The court found the extent of supervision would depend on different factors, including:

1. the age of the pupils;
2. the place where they gather;
3. the number of students present; and
4. the likelihood that students may act dangerously.

The courts have said that schools can have physical sports and games as long as the games are risk-assessed, guided, and the right instructions are given.

The cases that have been brought before the courts show how important it is for schools to do risk assessments for things their students do at school. These reviews should list all risks that the school thinks are likely and include a plan for how to deal with them. If an expert opinion as to the suitability of any particular equipment or game is required, this should be asked for.
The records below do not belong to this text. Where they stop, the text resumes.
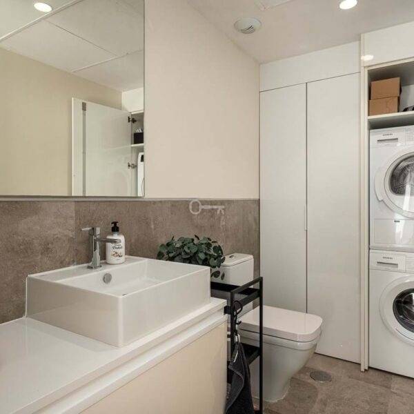 From the moment you enter, you are welcomed by expansive open-plan living areas with double-height ceilings, floor-to-ceiling sliding glass doors and an abundance of natural light. The Scandinavian-inspired interior is curated with impeccable attention to detail, featuring premium materials, bespoke finishes and a fully equipped designer kitchen ideal for entertaining on any scale.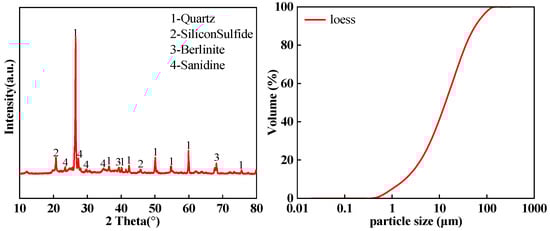 The cement used was P.O 42.5 ordinary Portland cement (brand name Lianshi), produced by Fujian Hongchang Concrete Co., Ltd. (Fuzhou, China). The GGBFS was S95-grade ground granulated blast furnace slag, produced by Henan Wuhu Technology Co., Ltd. (Wuhu, China); FA met the technical requirements of Class F Grade II, produced by Fujian Huadian Kemen Power Generation Co., Ltd. (Fuzhou, China); the loess, after crushing, was used after drying to a constant weight with particle sizes less than 2.36 mm, collected from the engineering waste soil of Fuzhou High-Tech Zone; the CS had a pH of 12.7, produced by Henan Wuhu Technology Co., Ltd. (Wuhu, China). The chemical composition of the loess, cement, GGBFS, FA, and CS are shown in Table 1, and the physical parameters of the soil sample is shown in Table 2. The XRD and particle size distribution curves of the soil samples are shown in Figure 1, and the SEM images are shown in Figure 2.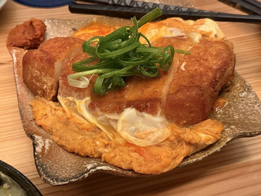 「極厚 カツ丼のアタマ」、蓋が閉まらない超厚切りカツ丼、例えば門仲「とんかつ丸七」のカツ丼のカツを、玉子でとじた的な。一切れもジャンボサイズ。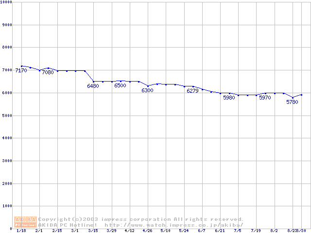 | [↑前グラフ]: | Barracuda 5400.1 (5400rpm,UltraATA/100,2MB,FDB)の最安値推移 |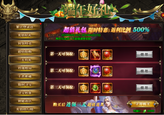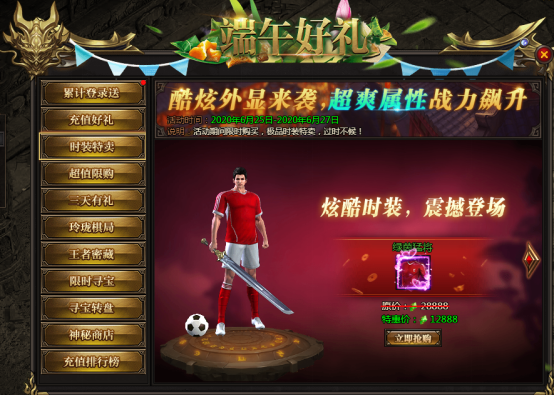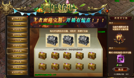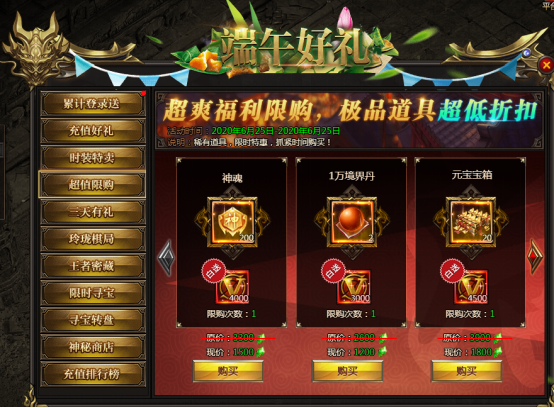 活动说明:各种稀有道具限时购买,同时送大量神王币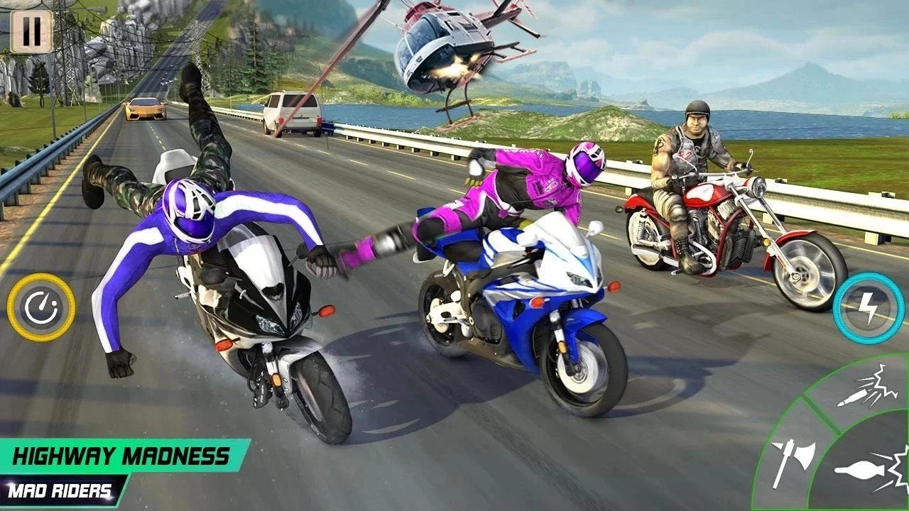 《公路死亡摩托》是一款真实感十足的摩托主题游戏,玩法充满暴力元素,玩家能使用武器攻击身旁的摩托车手,尽情享受在城市中竞速的快感。游戏里的竞速挑战十分刺激,精心设计的各类赛道场景能让你体验到逼真的驾驶感受,凭借高超的驾驶技术与其他玩家在惊险的赛道上一较高下,让你的游戏体验更加精彩。
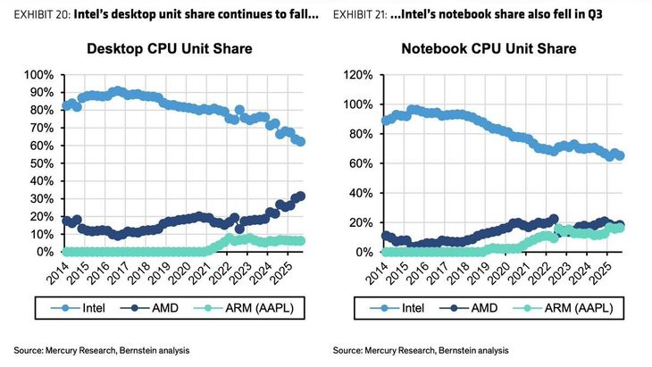 近日,结合Mercury Research收集及Bernstein Research分析的数据显示,自2020年11月苹果推出首款基于Arm架构的定制化M1芯片、正式开启Mac产品线从英特尔处理器向自研芯片的转型以来,其自研芯片业务取得了跨越式进步。经过五年的生态系统建设,苹果自研芯片在笔记本电脑市场的份额已逐步逼近长期供应商AMD,形成了旗鼓相当的竞争态势,这一成绩在苹果自研芯片应用于MacBook笔记本和Mac台式机即将迈入第六年之际,显得尤为亮眼。目前AMD在笔记本电脑芯片市场的份额长期稳定在20%左右,具体约为21%至22%;而苹果自研芯片的市场份额已攀升至18%至19%,与AMD的差距持续缩小。值得注意的是,苹果市场份额的提升主要来自对英特尔市场份额的挤压,目前英特尔在笔记本电脑芯片市场的份额已降至60%左右,且仍有波动下滑趋势。在台式机芯片市场,苹果同样实现了突破,占据了约10%的市场份额,不过该领域目前仍由英特尔和AMD主导,与笔记本电脑市场不同的是,英特尔在台式机市场流失的份额主要流向了AMD,这也反映出当前PC芯片市场的竞争格局差异。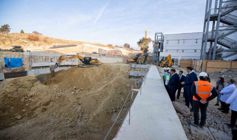 Türkiye’nin ilk ve tek belediye hastanesi İzmir Büyükşehir Belediyesi Eşrefpaşa Hastanesi, hastalarına daha kaliteli hizmet vermek amacıyla çalışmalarına devam ediyor. Yeni ek hizmet binasının inşaatı hızla yükselirken, İzmir Büyükşehir Belediye Başkanı Dr. Cemil Tugay hem çalışmaları yerinde incelemek hem de göreve yeni gelen Başhekim Doç. Dr. Başak Bayram’ı tebrik etmek amacıyla Eşrefpaşa Hastanesi’ni ziyaret etti. Başhekim Bayram’la mevcut sağlık hizmetlerini değerlendiren Başkan Tugay, sağlık alanında yapılması planlanan projeler hakkında da görüştü. Hastane ziyaretinde İzmir Büyükşehir Belediyesi Genel Sekreter Yardımcısı Prof. Dr. Pınar Okyay, Genel Sekreter Yardımcısı Çağatay Güç, Sağlık İşleri Dairesi Başkanı Ahmet Soner Emre, Yapı İşleri Dairesi Başkanı Onur Açık ve hastane yöneticileri yer aldı.

Schools should also make sure that there is enough guidance, taking into account the age of the students and the activity that will be carried out. If the school has a schedule for keeping an eye on the pupils, it should be followed strictly.
== Background ==

=== Facts ===
De Valera J. heard the case in the High Court and awarded Mr. Murphy €50,000 for an injury he suffered at school. From the evidence, it looked like a classmate had brought in chocolate bars, which led to horse play where the bars were thrown across the fifth and sixth-year area. De Valera J. said that the amount of time this teasing had gone on for was a bit too long. On the day of the incident, the appellants had not been keeping an eye on anything in the area where it happened. County Wexford VEC asked for a direction, and the trial judge had little choice but to hold for Mr. Murphy because there was no explanation for the lack of supervision, even though there was a supervisory rota for teachers.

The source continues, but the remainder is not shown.